STORED DATA:
++++++
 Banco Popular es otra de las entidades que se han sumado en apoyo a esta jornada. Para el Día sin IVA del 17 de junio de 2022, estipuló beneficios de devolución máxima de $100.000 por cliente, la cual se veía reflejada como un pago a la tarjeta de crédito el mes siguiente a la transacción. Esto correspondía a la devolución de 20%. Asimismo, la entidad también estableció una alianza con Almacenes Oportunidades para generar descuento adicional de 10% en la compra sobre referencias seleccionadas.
++++++
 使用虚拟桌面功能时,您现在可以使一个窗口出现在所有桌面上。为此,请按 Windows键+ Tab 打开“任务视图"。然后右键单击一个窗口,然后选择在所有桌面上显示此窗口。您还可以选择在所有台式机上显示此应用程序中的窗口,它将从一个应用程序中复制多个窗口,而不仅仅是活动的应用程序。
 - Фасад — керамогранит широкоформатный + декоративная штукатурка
++++++
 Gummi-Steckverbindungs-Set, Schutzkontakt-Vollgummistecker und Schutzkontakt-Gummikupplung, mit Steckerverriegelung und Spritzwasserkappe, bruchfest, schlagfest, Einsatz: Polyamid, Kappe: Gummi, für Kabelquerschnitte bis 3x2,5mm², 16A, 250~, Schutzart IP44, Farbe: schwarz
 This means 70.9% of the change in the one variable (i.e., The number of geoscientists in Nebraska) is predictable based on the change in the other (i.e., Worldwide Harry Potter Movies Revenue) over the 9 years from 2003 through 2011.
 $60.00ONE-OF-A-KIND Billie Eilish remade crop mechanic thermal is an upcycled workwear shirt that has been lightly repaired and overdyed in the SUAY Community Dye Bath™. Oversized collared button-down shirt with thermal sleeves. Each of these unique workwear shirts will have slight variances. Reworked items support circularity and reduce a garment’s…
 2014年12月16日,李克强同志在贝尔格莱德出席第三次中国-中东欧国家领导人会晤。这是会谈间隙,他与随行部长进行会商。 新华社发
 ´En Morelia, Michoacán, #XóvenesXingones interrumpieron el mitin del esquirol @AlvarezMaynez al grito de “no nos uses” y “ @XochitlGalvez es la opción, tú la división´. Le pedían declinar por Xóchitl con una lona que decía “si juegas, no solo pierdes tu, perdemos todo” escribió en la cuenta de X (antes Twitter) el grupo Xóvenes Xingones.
++++++
Proceeding from the line containing "使用虚拟桌面功能时,您现在可以使一个窗口出现在所有桌面上。为此,请按 Windows键+ Tab" through the line containing "- Фасад — керамогранит", transcribe the lines above exactly, both end lines included.

FINISHED EXERCISE:
 使用虚拟桌面功能时,您现在可以使一个窗口出现在所有桌面上。为此,请按 Windows键+ Tab 打开“任务视图"。然后右键单击一个窗口,然后选择在所有桌面上显示此窗口。您还可以选择在所有台式机上显示此应用程序中的窗口,它将从一个应用程序中复制多个窗口,而不仅仅是活动的应用程序。
 - Фасад — керамогранит широкоформатный + декоративная штукатурка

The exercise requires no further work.